Creo (con la debida cautela) que soy capaz de amar. Pero nunca podré sentir odio de verdad. Si alguien realmente despierta mi odio, se me aparece inmediatamente a la luz de una ridiculez irresistible, y en consecuencia me inclina al humorismo. Es una limitación como cualquier otra.
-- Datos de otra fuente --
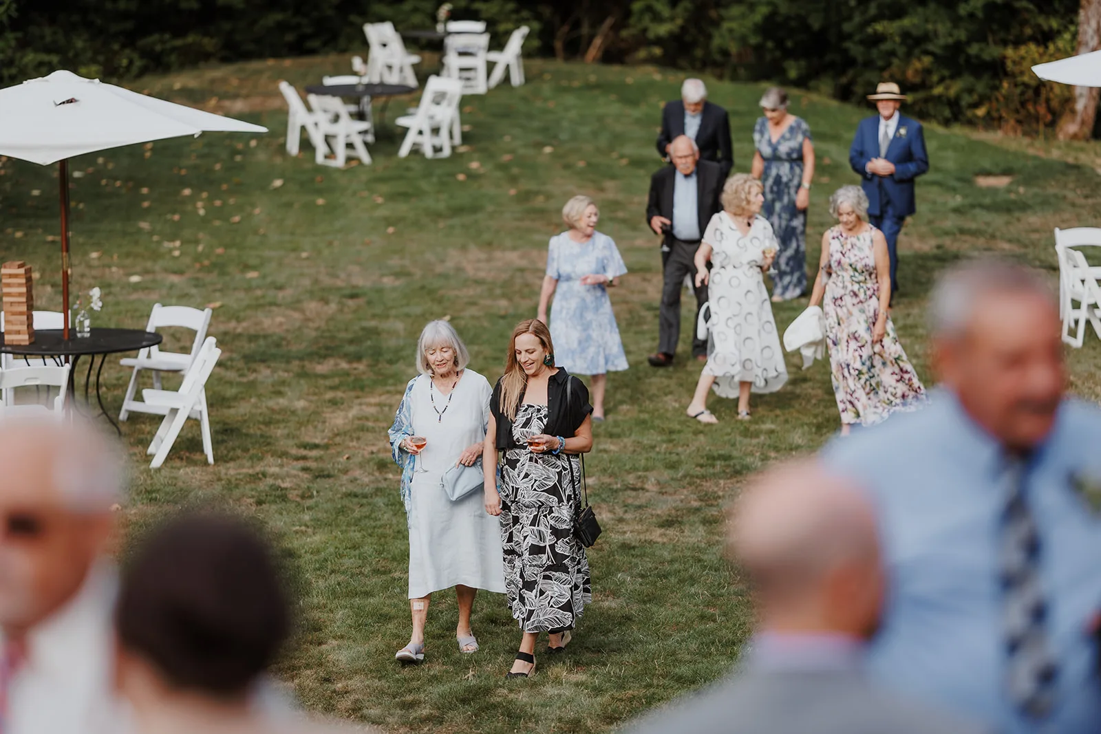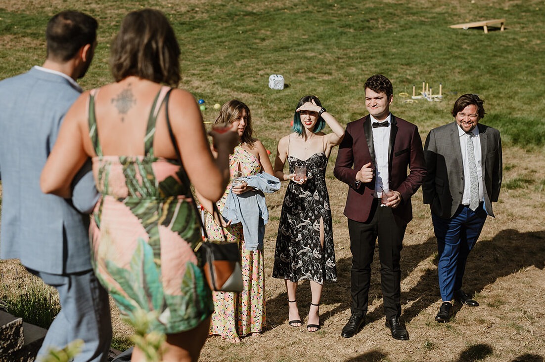 Once we returned to Carson Creek Estate, guests began arriving and stepping into the celebration with delight. Set on over 20 acres of forest, meadows, trails, and creeks in Bellingham, WA, Carson Creek Estate offers an incredible variety of ceremony and reception spaces that make every part of your day feel unique and immersive.

Foto: Lisandro de la Fuente

8 respuestas to “La náyade en el lago”

  1. janfiloso Says:

    “… Pensar es aquí una consecuencia de la vida en movimiento …”
    Nada más claro que tu post al respecto, amor, fútbol, filosofía, literatura … la vida en movimiento.
    👏👏

  2. Yupi Says:

    Janfi, mirá este ensayo de Aznavour dando órdenes a sus músicos sobre cómo tocar uno de sus megaclásicos. Emocionar a la gente es un trabajo en el que conviene no estar emocionado. Por favor, fijate el final. ¡Era De Gaulle el petiso!
    http://www.youtube.com/watch?v=seN2G3lIJYc

  3. janfiloso Says:

    ¡Por favor!
    Il faut savoir
    Me je ne sais pas.

  4. janfiloso Says:

    Es:

    “Il faut savoir mais moi
    Je ne sais pas”

  5. Yupi Says:

    Podés ir, te pongo un 7. Tendría que ver cómo andás en latín. El otro día le dije a un amigo italiano que confundía la legis per pignoris capionem con la per manus iniectionem (se había llevado dos libros de casa) y me miró sin entender. A eso hemos llegado.

  6. janfiloso Says:

    Por suerte «curia novit iura»
    (o «iura novit curia» sostienen algunos)

  7. Yupi Says:

    En derecho romano me tocó el viejo Ambrosioni. Primera pregunta en latín. Segunda pregunta en latín. En un momento el viejo directamente empezó a hablarme en latín, como si estuviera con Justiniano. Nunca corté tantos clavos. Ahora tengo una pensionista en casa que está rindiendo exámenes de latín. Tempus fugit.

  8. janfiloso Says:

    Horror! Yo tuve a Helguera y a Caramés Ferro, ambos eternos allá por 1970 pero por suerte hablaban en castellano.